Entropy of liquid water and water vapor

[jjand]

Homework Statement

1- Use the thermodynamic table to establish an equation giving the molar entropy of liquid water as a function of temperature. Do the same for water vapor.

2- Use these equations to calculate the entropy of vaporization and the enthalpy of vaporization.
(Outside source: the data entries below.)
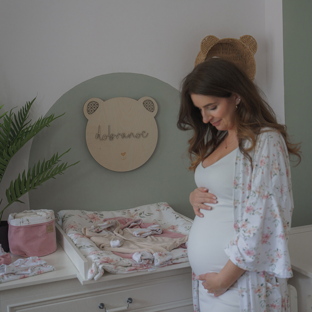 - Autorski wzór pięknie komponuje się z ubrankami dla niemowląt – dzięki czemu możesz stworzyć zestaw mama+córka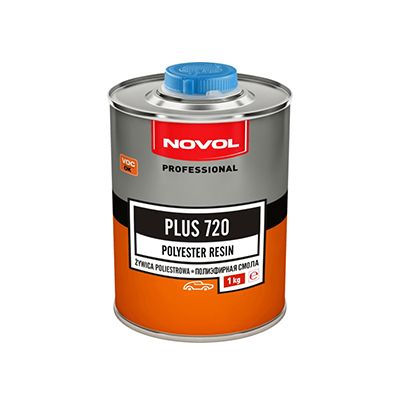 PLUS 720 cодержит структурную полиэфирную смолу с добавлением соответствующих катализаторов. В качестве отвердителя служит 50% паста из пероксида бензоила (NOVOL арт. № 5022). Данный продукт предназначен для ремонта больших дыр и проржавевших мест из жести, а так же пластиковых деталей автомобильного кузова, яхт и кемпинговых прицепов.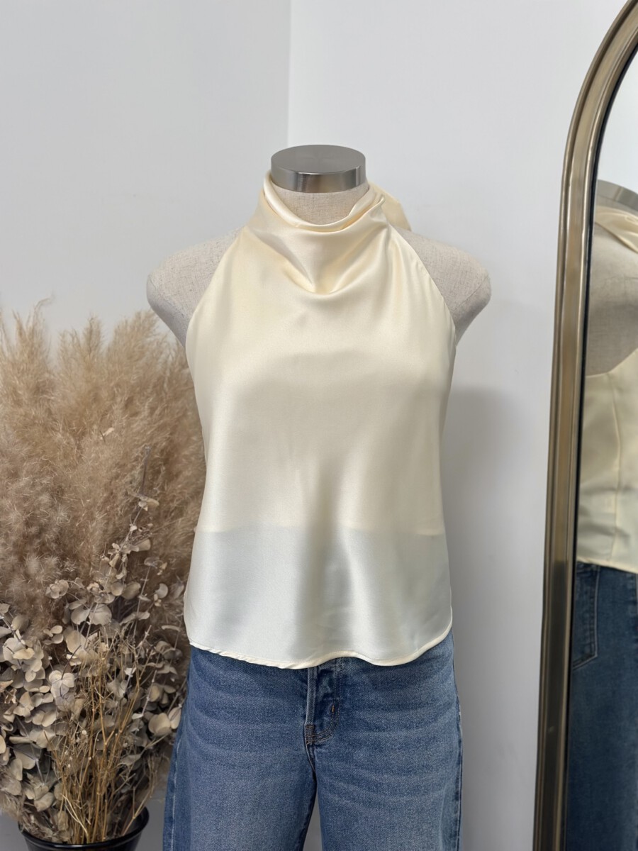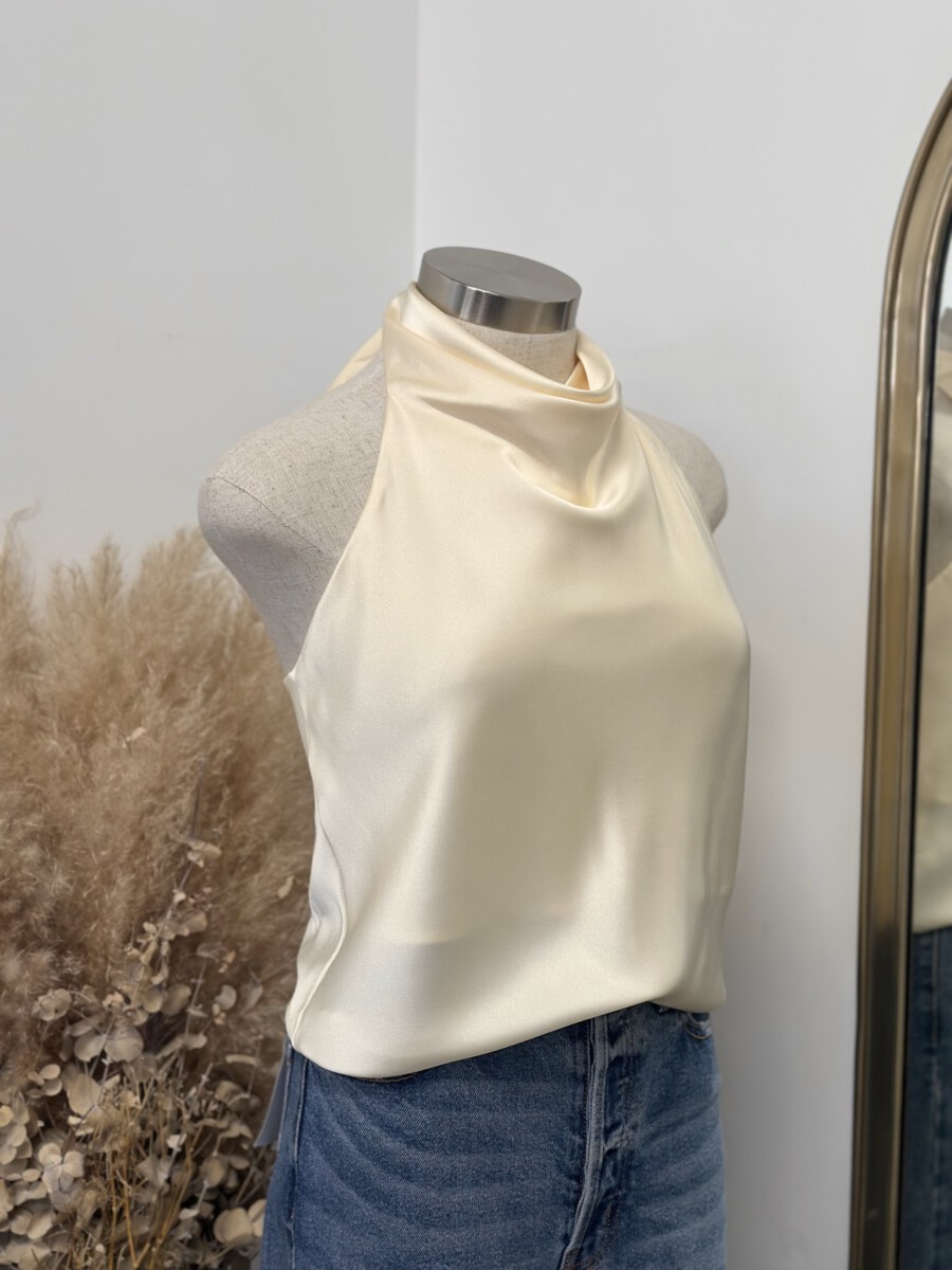 Be the first to review “” Marjorie ” Satin Halter Top ( Butter )” Cancel reply

3- From the enthalpy of vaporization of water calculate the total heat transfer, Qwater, when 2 moles of water vapor at 100°C and 1 atm is cooled down to 50°C at constant pressure.

Homework Equations

dS = Q/T = Cp*dT/T
dG = dH - TdS
Thermodynamic Constants table is attached

The Attempt at a Solution

I figured I could just put into the dS equation the values for each respective Cp, then integrate and get deltaS = 75.291*ln(T2/298) for example with liquid water, using 298K for T1 as that is what the Cp value is quoted at. The question doesn't give any other temperatures and it doesn't seem to make sense to me to find a specific entropy, but instead a change in entropy, but maybe I'm thinking this through wrong.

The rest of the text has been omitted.